There is always an opportunity. Mistakes offer a fork in the road. They represent a chance to choose one path or another.  Choose forgiveness, choose kindness and choose love. Use your past and a broad perspective as a light to identify the opportunity so that you can forgive yourself and others. One of the best opportunities and paths to forgiveness is to seek opportunities to help others. When we shift and focus on others a real shift takes place in us and in our lives: you can feel it. When you move pass your worries and look back at your mistakes and you are focused on helping others in this world, that is when some magical things begin to happen.

It takes a lot of strength to forgive someone who is not sorry and to accept the apology you never received. However, unforgiveness is a negative emotional mindset where you, as the offended party maintain feelings of resentment, hostility, and anger toward the person, or persons who offended you. If you do not forgive, all you see is an injustice.  This unforgiveness will take a huge toll on your physical and mental health and will destroy your relationships.

Personal Perspective:

Most of us see only the trees; we cannot or choose to not see the forest. We live our lives in small 24 hour segments, or even smaller.  The answer is personal perspective. It is not easy to step back from a present obstacle, especially a painful or emotional obstacle. However, by stepping back we can see a bigger picture, find the new angle, and look for the always-present opportunity. Yes, personal perspective is the key, and what a wonderful way to achieve wisdom.

Be a Miracle:

By making the choice to live as if everything is a miracle, every moment becomes something to appreciate and be grateful for. One of the biggest miracles I see in my life is my family, friends and the love we all share.  Love is the most amazing thing in our lives.  It is what makes us sing, dance and smile. The miracle of love also leads to what we have already discussed and that is the acts of kindness, forgiveness, thinking of others and seeing life from another person’s point of view.

Difficult times will happen. To find the light, we have to go through the darkness. Please remember while you’re in the midst of it, to try and take a deep breath and remember that the lessons you are learning from the very obstacles you are facing, will shift your view of life. You will learn what matters, who matters, how strong you are and how lucky you are to exist. That is what difficult times teach us, and they are some of the most important lessons we can ever learn.

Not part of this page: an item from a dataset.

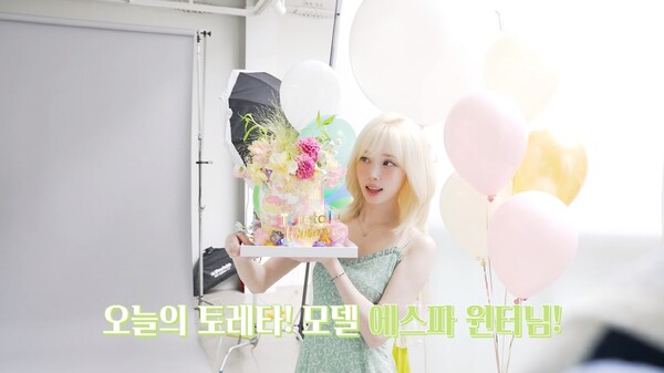 토레타! 모델 발탁을 기념하기 위해 준비한 케이크와 풍선을 들고 함박 웃음을 짓는 윈터의 모습을 비롯해 요가와 요리, 기타 연주, 강아지 산책, 러닝, 팬들과의 SNS 라이브 등을 촬영하는 광고 영상 속 비하인드 씬을 메이킹필름에서 엿볼 수 있다.
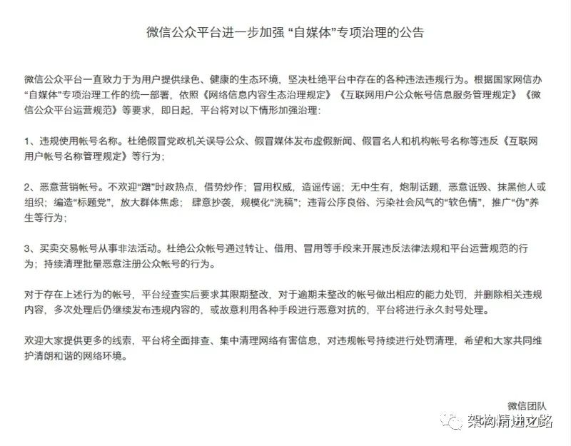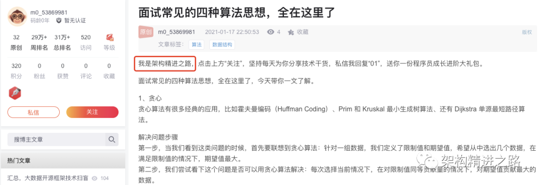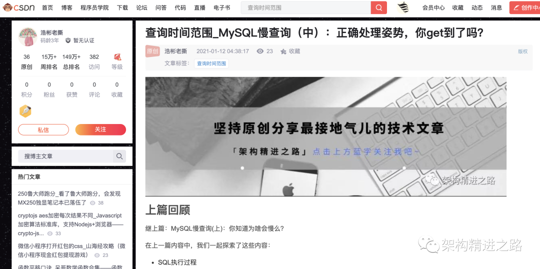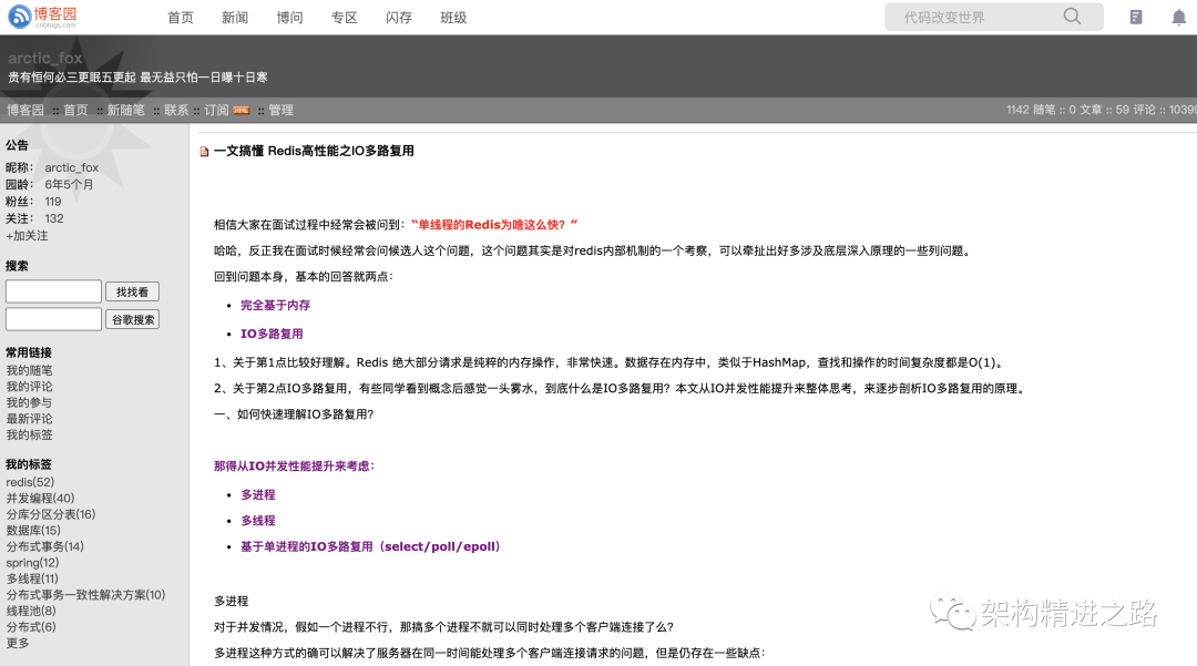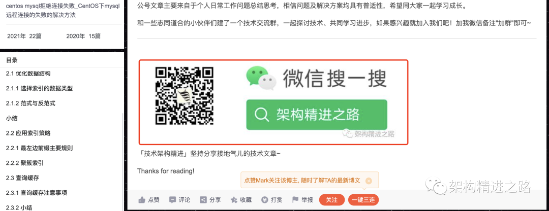 所以近半年改为微信公众号《架构精进之路》,专注软件架构研究,技术学习与职业成长。作为个人主要技术沉淀,同时会同步分享至其他主流技术社区,希望能够将技术经验总结分享出去,影响更多的人。

I loved what Dan had to say about appreciating the little things in life.  “When we are faced with difficult challenges and when death stares us in the face, it is then that we often realize that our smallest joys and accomplishments are what matter most.”  As I wrote in the foreword to his wonderful book, The Gift of Heart Failure, sometimes it takes something bad to teach us something good.  Sometimes it is our greatest challenges that teach us our greatest lessons.

Dan once told me that if you wanted a miracle in your own life you had to first be a miracle in the lives of others.  I truly hope he knows as he now watches from heaven what a miracle he was and what a difference he made.  Thank you, Dan, for the gift of your friendship.